ASSIGNMENT |
The answer is the line with "Оргкомитет Всероссийского Центра" and every line after it to the end of the listing, retyped exactly. Pictures do not belong in it.

INPUT MATERIAL |
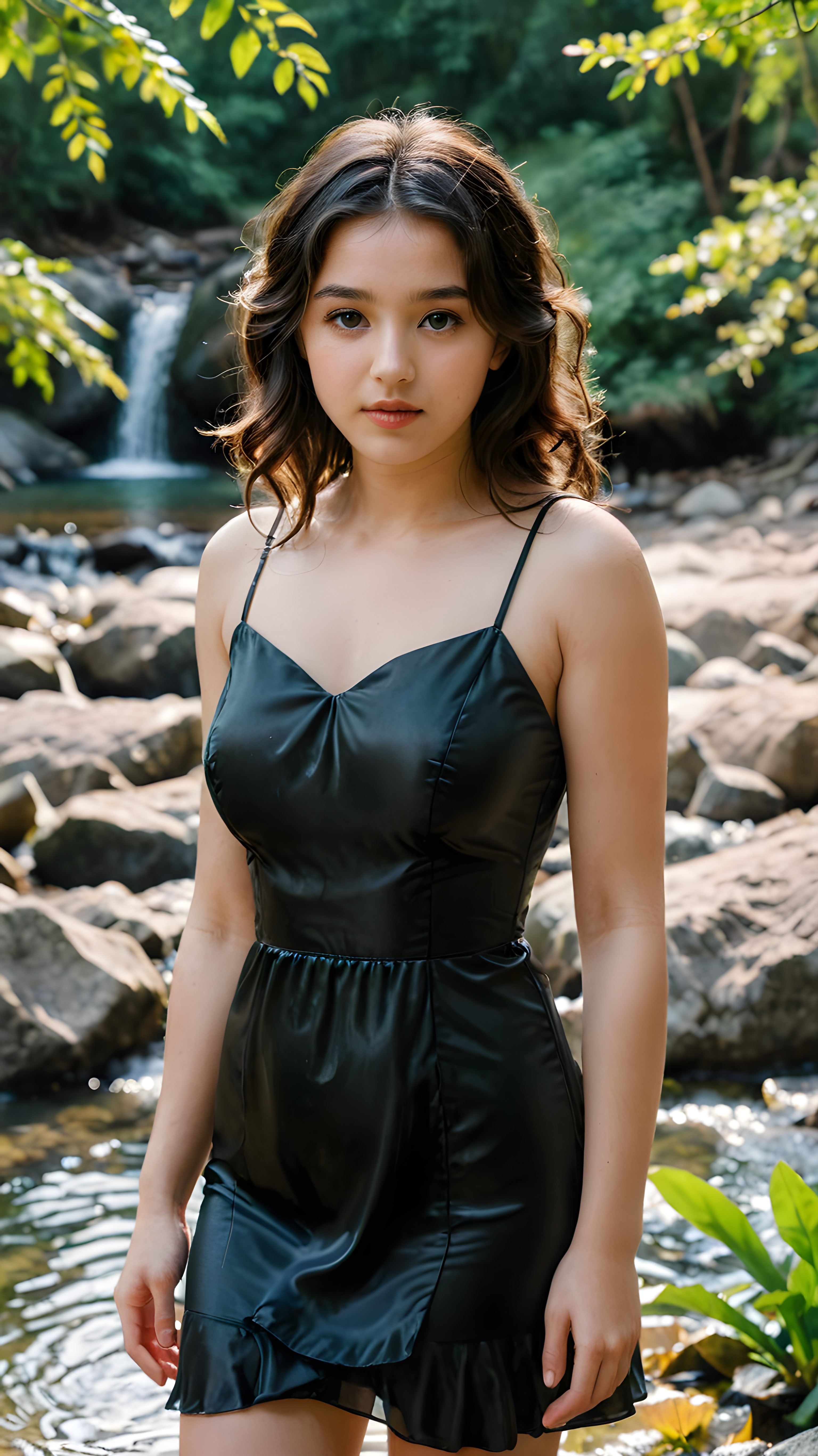 a beautiful, young girl stands up to her stomach in a natural spring and looks embarrassed into the camera. Her black, wavy hair falls over her upper body. She is wearing a thin silk dress
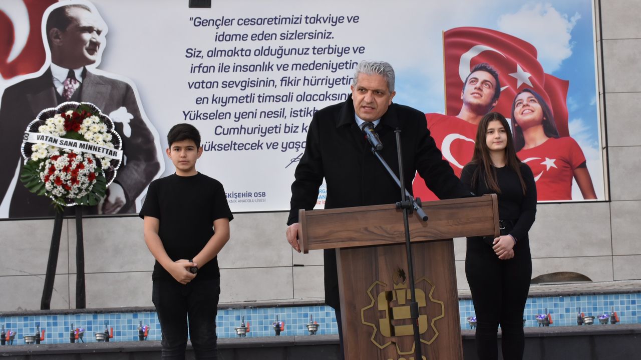Eskişehir Organize Sanayi Bölgesi (EOSB) Yönetim Kurulu Başkanı Nadir Küpeli, Gazi Mustafa Kemal Atatürk'ün ebediyete intikalinin 83. yılı dolayısıyla Özel EOSB Mesleki ve Teknik Anadolu Lisesinde düzenlenen anma törenine katıldı.
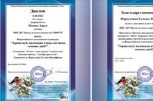Оргкомитет Всероссийского Центра гражданских и молодёжных инициатив "Идея" отметил педагога - Фархуллину Гульназ Вакыйфовну Благодарственным письмом и выразил благодарность за организацию участия и подготовку воспитанницы во Всероссийском экологическом конкурсе «Здравствуй, маленькая птица, вестница осенних дней!».
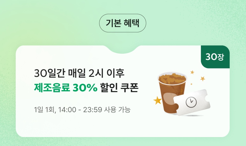 제조 음료 30% 할인 쿠폰의 경우 리저브 음료, To Go Bag, 알코올 음료, 프로모션 음료, 유료 퍼스널 옵션 등 일부분은 할인이 제외된다고 하는데요. 이용 전에 앱이나 매장에서 해당 조건을 확인하는 것이 좋습니다.
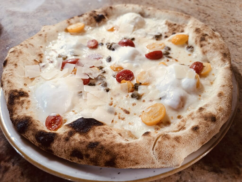 (pomodoro San Marzano D.O.P, fior di latte, datterini gialli, mozzarella di bufala,in uscita dal forno ,Crudo di San Daniele ,olio, basilico)

FINISHED EXERCISE |
Оргкомитет Всероссийского Центра гражданских и молодёжных инициатив "Идея" отметил педагога - Фархуллину Гульназ Вакыйфовну Благодарственным письмом и выразил благодарность за организацию участия и подготовку воспитанницы во Всероссийском экологическом конкурсе «Здравствуй, маленькая птица, вестница осенних дней!».
 제조 음료 30% 할인 쿠폰의 경우 리저브 음료, To Go Bag, 알코올 음료, 프로모션 음료, 유료 퍼스널 옵션 등 일부분은 할인이 제외된다고 하는데요. 이용 전에 앱이나 매장에서 해당 조건을 확인하는 것이 좋습니다.
 (pomodoro San Marzano D.O.P, fior di latte, datterini gialli, mozzarella di bufala,in uscita dal forno ,Crudo di San Daniele ,olio, basilico)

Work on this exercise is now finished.